BEGIN Stored data

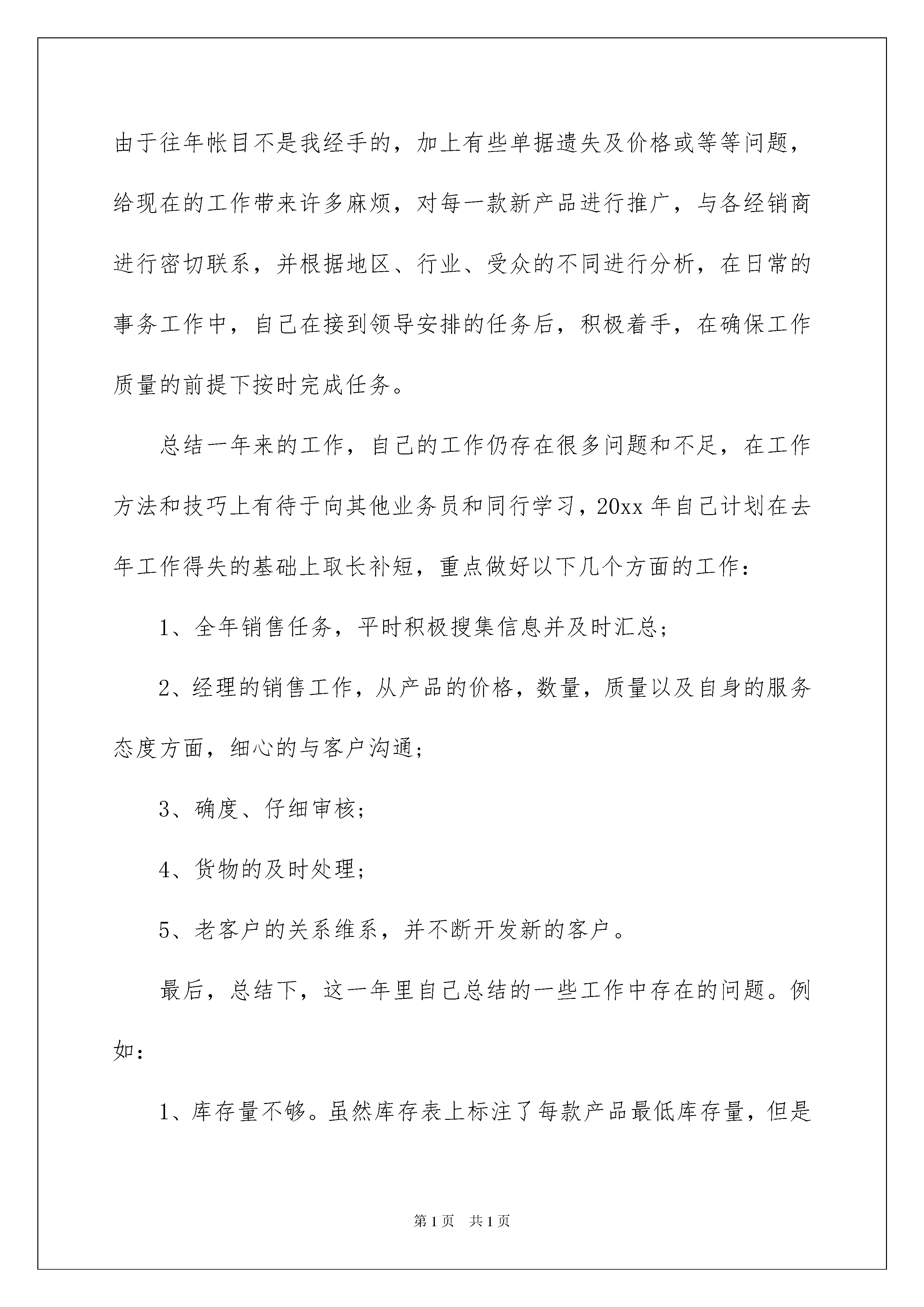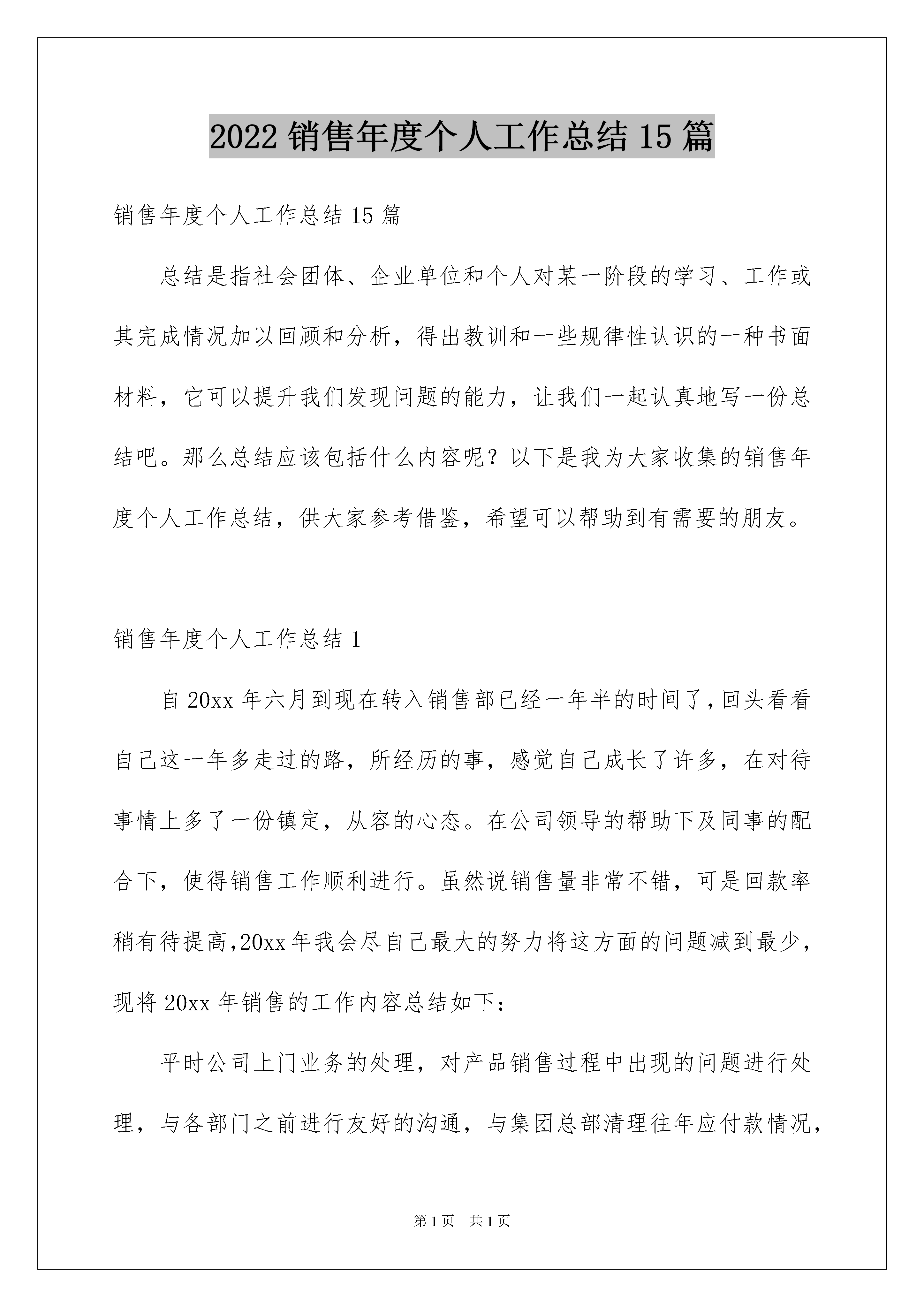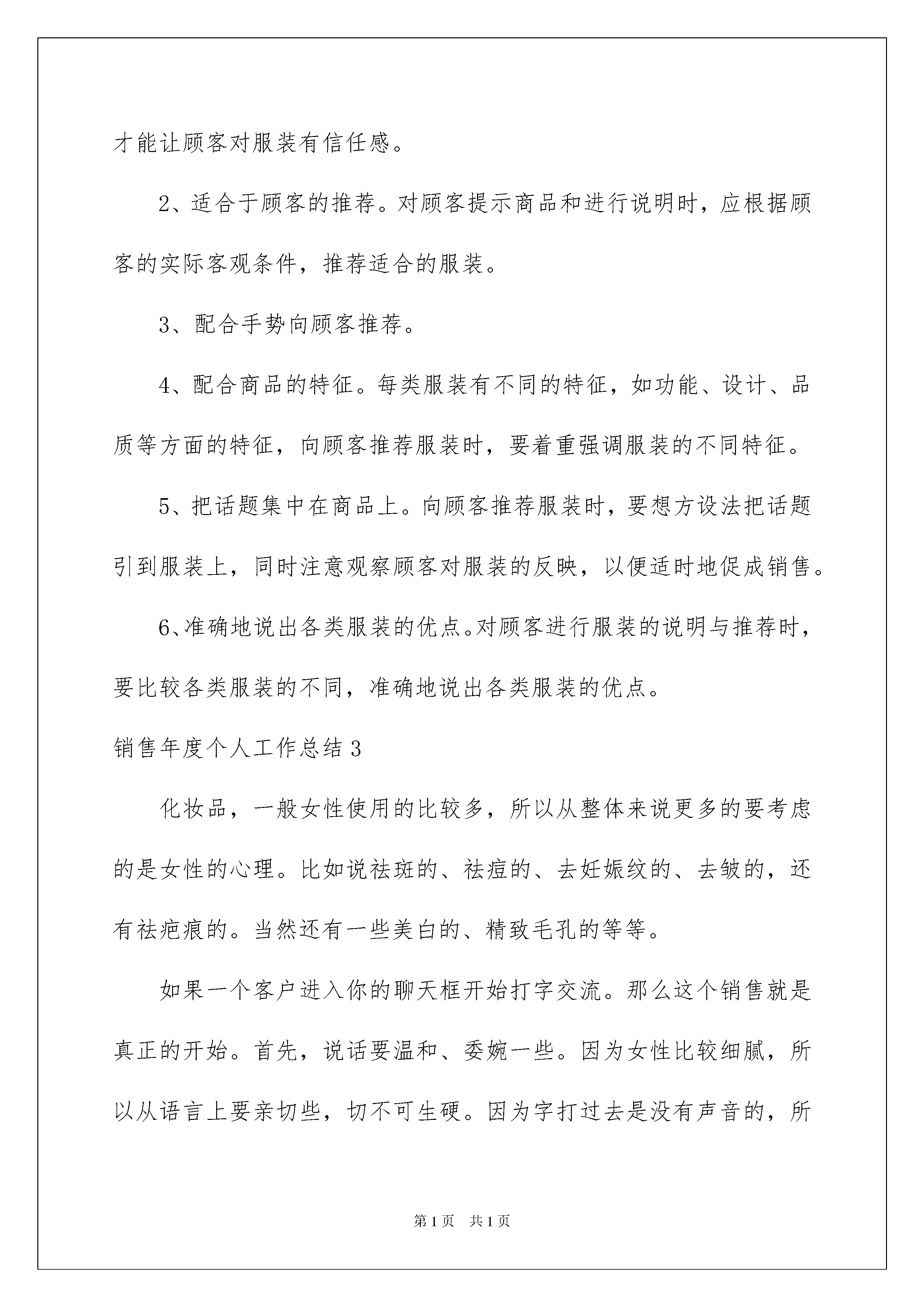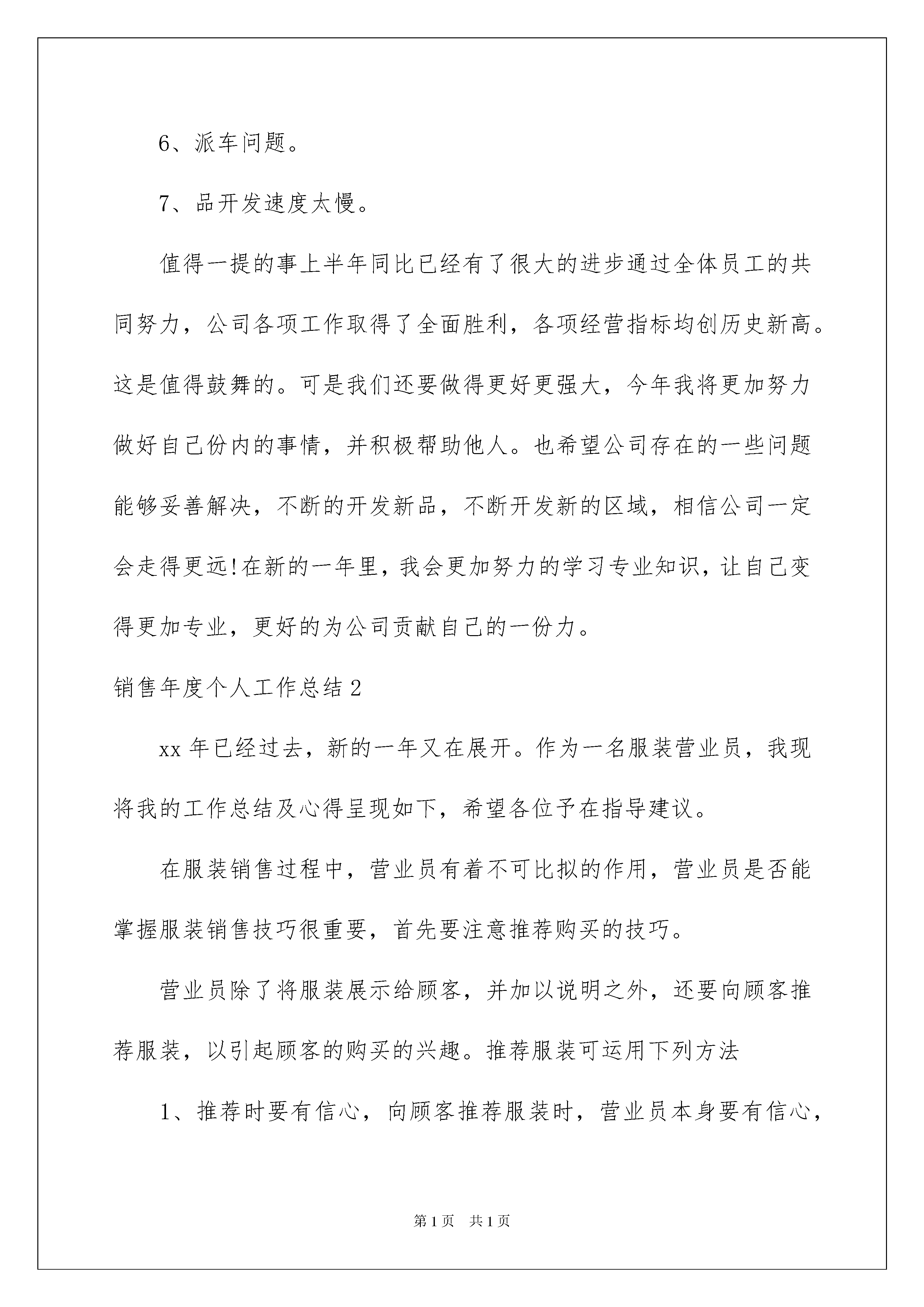 2022销售年度个人工作总结15篇销售年度个人工作总结15篇总结是指社会团体、企业单位和个人对某一阶段的学习、工作或其完成情况加以回顾和分析,得出教训和一些规律性认识的一种书面材料,它可以提升我们发现问题的能力,让我们一起认真地写一份总结吧。那么总结应该包括什么内容呢?以下是我为大家收集的销售年度个人工作总结,供大家参考借鉴,希望可以帮助到有需要的朋友。销售年度个人工作总结1自20xx年六月到现在转入销售部已经一年半的时间了,回头看看自己这一年多走过的路,所经历的事,感觉自己成长了许多,在对待事情上多了一份镇定,从容的心态。在公司领导的帮助下及同事的配合下,使得销售工作顺利进行。虽然说销售量非常不错,可是回款率稍有待提高,20xx年我会尽自己最大的努力将这方面的问题减到最少,现将20xx年销售的工作内容总结如下:平时公司上门业务的处理,对产品销售过程中出现的问题进行处理,与各部门之前进行友好的沟通,与集团总部清理往年应付款情况,由于往年帐目不是我经手的,加上有些单据遗失及价格或等等问题,给现在的工作带来许多麻烦,对每一款新产品进行推广,与各经销商进行密切联系,并根据地区、行业、受众的不同进行分析,在日常的事务工作中,自己在接到领导安排的任务后,积极着手,在确保工作质量的前提下按时完成任务。总结一年来的工作,自己的工作仍存在很多问题和不足,在工作方法和技巧上有待于向其他业务员和同行学习,20xx年自己计划在去年工作得失的基础上取长补短,重点做好以下几个方面的工作:1、全年销售任务,平时积极搜集信息并及时汇总;2、经理的销售工作,从产品的价格,数量,质量以及自身的服务态度方面,细心的与客户沟通;3、确度、仔细审核;4、货物的及时处理;5、老客户的关系维系,并不断开发新的客户。最后,总结下,这一年里自己总结的一些工作中存在的问题。例如:1、库存量不够。虽然库存表上标注了每款产品最低库存量,但是实际却不相符,有许多产品甚至已经断货。在库存不多的情况下,建议仓库及时与生产联系下单,或者与销售联系提醒下单,飞单的情况大多于库存量不足有关。2、回货不及时。回货时间总会延迟,对于这种现象,采购人员的态度大多都是事不关已,很少会想着怎么去与供应商解决,而是希望销售人员与客户沟通延缓时间。这样会让客户对我们的信誉度降低。(这种现象非常严重)3、对供应商退货的处理。很多不合格的产品,由于时间拖延,最后在逼不得已的情况下一挑再挑,并当成合格产品销售,这样对我们“追求高品质”的信念是非常不吻合的。经常有拿出去的东西因为质量问题让销售人员非常难堪。4、应定期对销售却未回款的业务进行催款或者提醒。有许多已经回款的业务,财务在几个月之后才告诉销售人员,期间销售人员以为没回款一直都在催,给客户印象非常不好!5、部门之间不协调。为了自己的工作方便,往往不会太关心他人,不会考虑给他人带来的麻烦。有时候因为一句话或者一点小事情就可以解决了,可是却让销售人员走了许多弯路。6、派车问题。7、品开发速度太慢。值得一提的事上半年同比已经有了很大的进步通过全体员工的共同努力,公司各项工作取得了全面胜利,各项经营指标均创历史新高。这是值得鼓舞的。可是我们还要做得更好更强大,今年我将更加努力做好自己份内的事情,并积极帮助他人。也希望公司存在的一些问题能够妥善解决,不断的开发新品,不断开发新的区域,相信公司一定会走得更远!在新的一年里,我会更加努力的学习专业知识,让自己变得更加专业,更好的为公司贡献自己的一份力。销售年度个人工作总结2xx年已经过去,新的一年又在展开。作为一名服装营业员,我现将我的工作总结及心得呈现如下,希望各位予在指导建议。在服装销售过程中,营业员有着不可比拟的作用,营业员是否能掌握服装销售技巧很重要,首先要注意推荐购买的技巧。营业员除了将服装展示给顾客,并加以说明之外,还要向顾客推荐服装,以引起顾客的购买的兴趣。推荐服装可运用下列方法1、推荐时要有信心,向顾客推荐服装时,营业员本身要有信心,才能让顾客对服装有信任感。2、适合于顾客的推荐。对顾客提示商品和进行说明时,应根据顾客的实际客观条件,推荐适合的服装。3、配合手势向顾客推荐。4、配合商品的特征。每类服装有不同的特征,如功能、设计、品质等方面的特征,向顾客推荐服装时,要着重强调服装的不同特征。5、把话题集中在商品上。向顾客推荐服装时,要想方设法把话题引到服装上,同时注意观察顾客对服装的反映,以便适时地促成销售。6、准确地说出各类服装的优点。对顾客进行服装的说明与推荐时,要比较各类服装的不同,准确地说出各类服装的优点。销售年度个人工作总结3化妆品,一般女性
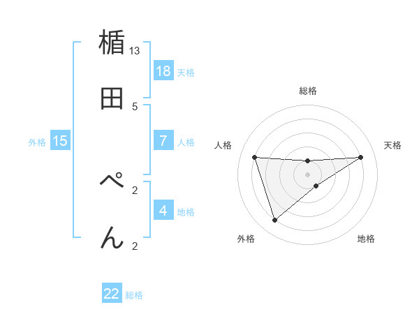 楯田 ぺんさんを姓名の画数から五運を鑑定
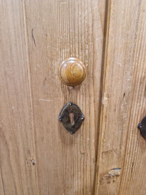 Early 20th century pine wardrobe with pair of cupboards, pair of drawers below, on bun feet, H. 188 x W. 115 x D. 59cmCondition ReportSurface scratches, scuffs and knocks to the wood. Light fading/discolouration. Split to the bottom left side, two splits to the right side. General wear and tear. All one piece, does not break down.H. 188cm, Depth 59cm
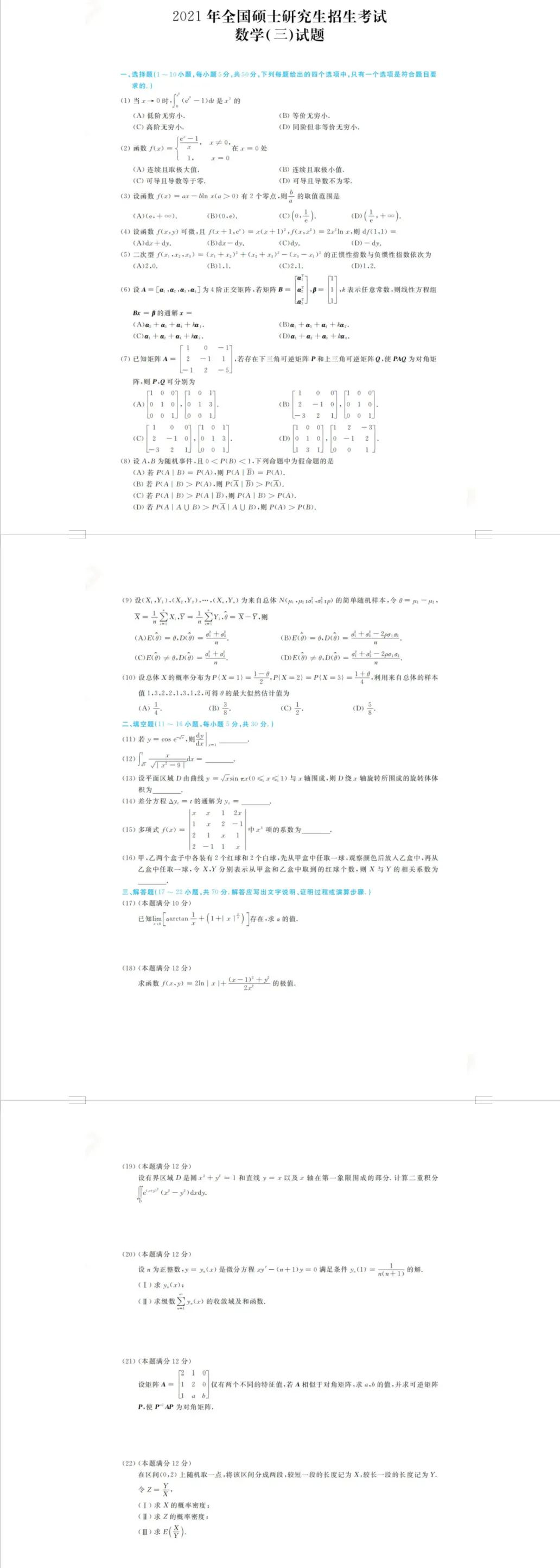 这是21年考研数学三的真题,以供大家参考。

END Stored data

*Work to complete*
Pictures are to be left out; the listing above is otherwise to be copied exactly.

*Answer box*
 2022销售年度个人工作总结15篇销售年度个人工作总结15篇总结是指社会团体、企业单位和个人对某一阶段的学习、工作或其完成情况加以回顾和分析,得出教训和一些规律性认识的一种书面材料,它可以提升我们发现问题的能力,让我们一起认真地写一份总结吧。那么总结应该包括什么内容呢?以下是我为大家收集的销售年度个人工作总结,供大家参考借鉴,希望可以帮助到有需要的朋友。销售年度个人工作总结1自20xx年六月到现在转入销售部已经一年半的时间了,回头看看自己这一年多走过的路,所经历的事,感觉自己成长了许多,在对待事情上多了一份镇定,从容的心态。在公司领导的帮助下及同事的配合下,使得销售工作顺利进行。虽然说销售量非常不错,可是回款率稍有待提高,20xx年我会尽自己最大的努力将这方面的问题减到最少,现将20xx年销售的工作内容总结如下:平时公司上门业务的处理,对产品销售过程中出现的问题进行处理,与各部门之前进行友好的沟通,与集团总部清理往年应付款情况,由于往年帐目不是我经手的,加上有些单据遗失及价格或等等问题,给现在的工作带来许多麻烦,对每一款新产品进行推广,与各经销商进行密切联系,并根据地区、行业、受众的不同进行分析,在日常的事务工作中,自己在接到领导安排的任务后,积极着手,在确保工作质量的前提下按时完成任务。总结一年来的工作,自己的工作仍存在很多问题和不足,在工作方法和技巧上有待于向其他业务员和同行学习,20xx年自己计划在去年工作得失的基础上取长补短,重点做好以下几个方面的工作:1、全年销售任务,平时积极搜集信息并及时汇总;2、经理的销售工作,从产品的价格,数量,质量以及自身的服务态度方面,细心的与客户沟通;3、确度、仔细审核;4、货物的及时处理;5、老客户的关系维系,并不断开发新的客户。最后,总结下,这一年里自己总结的一些工作中存在的问题。例如:1、库存量不够。虽然库存表上标注了每款产品最低库存量,但是实际却不相符,有许多产品甚至已经断货。在库存不多的情况下,建议仓库及时与生产联系下单,或者与销售联系提醒下单,飞单的情况大多于库存量不足有关。2、回货不及时。回货时间总会延迟,对于这种现象,采购人员的态度大多都是事不关已,很少会想着怎么去与供应商解决,而是希望销售人员与客户沟通延缓时间。这样会让客户对我们的信誉度降低。(这种现象非常严重)3、对供应商退货的处理。很多不合格的产品,由于时间拖延,最后在逼不得已的情况下一挑再挑,并当成合格产品销售,这样对我们“追求高品质”的信念是非常不吻合的。经常有拿出去的东西因为质量问题让销售人员非常难堪。4、应定期对销售却未回款的业务进行催款或者提醒。有许多已经回款的业务,财务在几个月之后才告诉销售人员,期间销售人员以为没回款一直都在催,给客户印象非常不好!5、部门之间不协调。为了自己的工作方便,往往不会太关心他人,不会考虑给他人带来的麻烦。有时候因为一句话或者一点小事情就可以解决了,可是却让销售人员走了许多弯路。6、派车问题。7、品开发速度太慢。值得一提的事上半年同比已经有了很大的进步通过全体员工的共同努力,公司各项工作取得了全面胜利,各项经营指标均创历史新高。这是值得鼓舞的。可是我们还要做得更好更强大,今年我将更加努力做好自己份内的事情,并积极帮助他人。也希望公司存在的一些问题能够妥善解决,不断的开发新品,不断开发新的区域,相信公司一定会走得更远!在新的一年里,我会更加努力的学习专业知识,让自己变得更加专业,更好的为公司贡献自己的一份力。销售年度个人工作总结2xx年已经过去,新的一年又在展开。作为一名服装营业员,我现将我的工作总结及心得呈现如下,希望各位予在指导建议。在服装销售过程中,营业员有着不可比拟的作用,营业员是否能掌握服装销售技巧很重要,首先要注意推荐购买的技巧。营业员除了将服装展示给顾客,并加以说明之外,还要向顾客推荐服装,以引起顾客的购买的兴趣。推荐服装可运用下列方法1、推荐时要有信心,向顾客推荐服装时,营业员本身要有信心,才能让顾客对服装有信任感。2、适合于顾客的推荐。对顾客提示商品和进行说明时,应根据顾客的实际客观条件,推荐适合的服装。3、配合手势向顾客推荐。4、配合商品的特征。每类服装有不同的特征,如功能、设计、品质等方面的特征,向顾客推荐服装时,要着重强调服装的不同特征。5、把话题集中在商品上。向顾客推荐服装时,要想方设法把话题引到服装上,同时注意观察顾客对服装的反映,以便适时地促成销售。6、准确地说出各类服装的优点。对顾客进行服装的说明与推荐时,要比较各类服装的不同,准确地说出各类服装的优点。销售年度个人工作总结3化妆品,一般女性
 楯田 ぺんさんを姓名の画数から五運を鑑定
 Early 20th century pine wardrobe with pair of cupboards, pair of drawers below, on bun feet, H. 188 x W. 115 x D. 59cmCondition ReportSurface scratches, scuffs and knocks to the wood. Light fading/discolouration. Split to the bottom left side, two splits to the right side. General wear and tear. All one piece, does not break down.H. 188cm, Depth 59cm
 这是21年考研数学三的真题,以供大家参考。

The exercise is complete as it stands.